Sorry if I misspelled anything.


----------



## CoryKS (Mar 8, 2007)

Good thread!  My seven-year-old boy and I study kenpo so yeah, he's learning eye gouges, groin strikes, the works.  His teacher frequently reminds the class that these techniques are _never _for fights with classmates or anything other than real danger.

That said, I was wrestling around with him one day and grabbed him in a bearhug from the front, arms pinned.  I felt a sudden pain in the groin, and as I looked down he brought his forearm around to the side of my head.  Not hard - just to let me know he _could_ have done it.    I don't know about wrist locks, but other techniques are possible against an adult, especially if the adult isn't expecting it.

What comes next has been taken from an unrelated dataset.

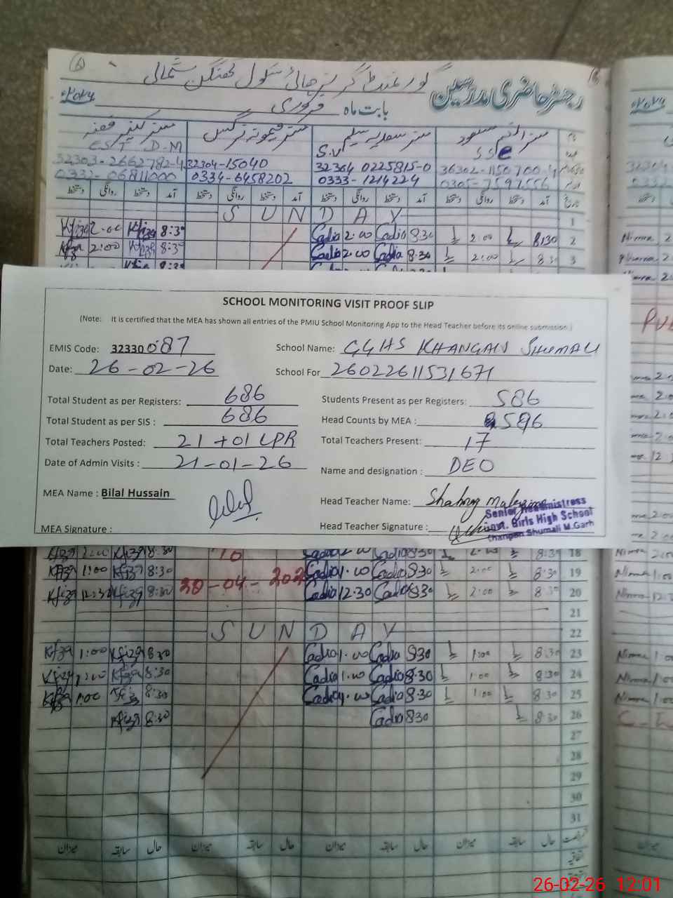 | EMIS Code: 32330087 | Name of School: GGHS KHANGAN SHUMALI | |||
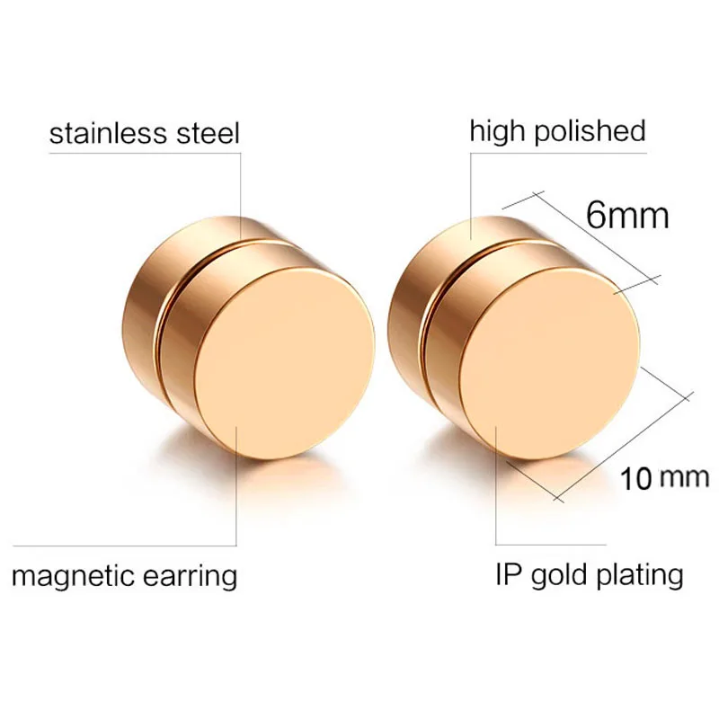 Магнитные серьги-гвоздики, из нержавеющей стали, 10 мм

I think as you said, the best primary tools are escape and finding adult intervention.  Sparring for the schoolyard fights which cannot be avoided, and, depending on the child's demonstrated ability to use good judgement, the more violent tactics in case of adult attack.  With frequent reminders of when it's okay to use them.


----------



## MJS (Mar 8, 2007)

fnorfurfoot said:


> Here are some random things that I go over with my younger students.
> 
> 1. If they are being grabbed by an adult, we work on yelling that the person is not their parent. Frantically yelling NO NO NO could be misinterpreted as a disobedient child by other adults.


 
Great idea!



> 2. I don't teach kicks to the groin to my younger students. Any technique that involves a strike to the groin is turned into a shot to the stomach. This is basically for me. I don't have time for them to be giggling for ten minutes each time I show them a groin strike.


 
LOL, yeah, I know what you mean.  It took me a few to get their attention back after all the laughing.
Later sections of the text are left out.